In the quiet corners of a once passionate marriage, she finds herself trapped in a cycle of longing and silence. Seven years of love and two beautiful children have not been enough to keep the flame alive, leaving her yearning for connection while he drifts away behind a screen. Her heart aches with the pain of rejection, the weight of unspoken desires growing heavier with each denied advance.
She fights a lonely battle against despair, her pleas for intimacy met with indifference and routine. The spark that once ignited their nights has dimmed to a dull routine, where she carries the burden of passion alone. In the shadows of their shared life, she suffers in silence, craving not just sex, but the warmth of being truly seen and desired.

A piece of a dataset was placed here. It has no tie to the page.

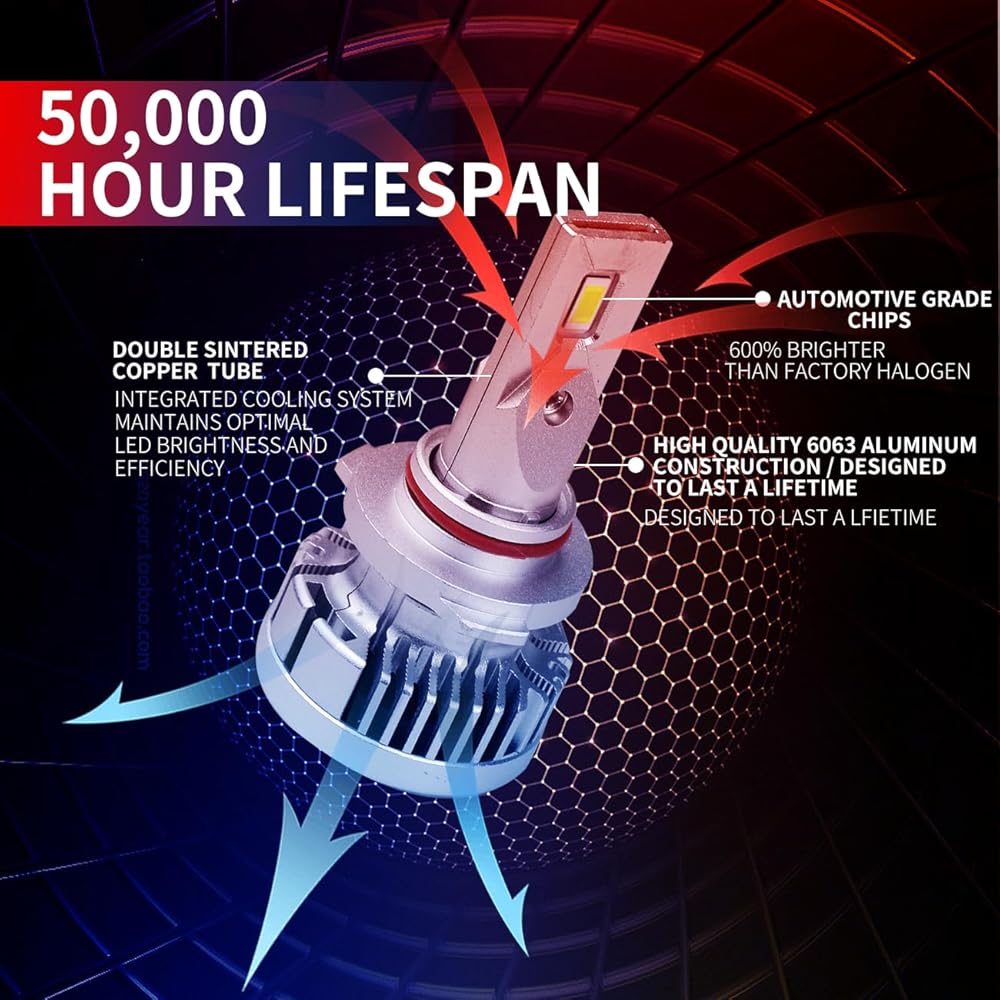 • 【أكثر سطوعًا بنسبة 600% من الهالوجين】- رقائق عالية الجودة للسيارات مع 22000 لومن حقيقي لكل زوج، درجة حرارة لون 6000 كلفن. يوفر تصميم نمط الشعاع الذي يركز على المصنع نطاق إضاءة أوسع وأبعد يصل إلى 6 مرات أكثر سطوعًا من لمبة الهالوجين الأصلية. مصنوعة لتجميع المصنع الخاص بك.

For reacting negatively to my husband climaxing in 40 seconds.
















As renowned marriage and family therapist Dr. Esther Perel explains, “Sex in long-term relationships is often a metaphor for the larger, more profound connection we have with each other.” This statement directly applies to the OP’s situation, where the dull, passionless sex is clearly symptomatic of deeper issues regarding emotional validation and shared effort within the marriage.
The OP details a significant power imbalance in their sexual relationship. She initiates only after repeated denials, performs most of the physical labor (including oral sex), and receives disrespectful comments, such as being told to “be lucky I came.” This behavior from the husband suggests a lack of respect for her pleasure and autonomy, treating sex as a chore or a release rather than a shared intimate act. His reported comment about being more passionate with other women further solidifies the perception that he is not fully invested in their current sexual connection, placing an unfair emotional burden on the OP.

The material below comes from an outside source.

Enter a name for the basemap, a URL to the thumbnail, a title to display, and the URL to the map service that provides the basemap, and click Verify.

The OP’s actions, while stemming from understandable frustration, are currently maladaptive—suffering in silence and internalizing anger risks eroding her self-worth. While she is not the ‘asshole’ for feeling unsatisfied, repeating behaviors that lead to disappointment (like continuing to initiate when repeatedly denied) is ineffective. The constructive recommendation is to shift from begging for sex to demanding fundamental changes in respect and communication. This might involve couples counseling focused specifically on intimacy and boundary setting, or establishing clear, non-negotiable requirements for mutual engagement before any sexual activity occurs.
AFTER THIS STORY DROPPED, REDDIT WENT INTO MELTDOWN MODE – CHECK OUT WHAT PEOPLE SAID.


















The original poster is experiencing deep frustration and sexual dissatisfaction due to a severe mismatch in libido and a lack of engagement from her husband during intimacy. Her efforts to communicate and compromise have been met with dismissive comments, emotional stonewalling, and a pattern of unfulfilling sexual encounters, leading her to internalize anger and consider extreme measures.
Given the persistent pattern of unmet needs, the husband’s dismissive responses, and the OP’s contemplation of infidelity, the core question remains: When one partner consistently fails to meet fundamental relational and physical needs despite clear communication, does the other partner have a moral obligation to stay, or does the lack of mutual effort justify seeking fulfillment elsewhere or ending the relationship?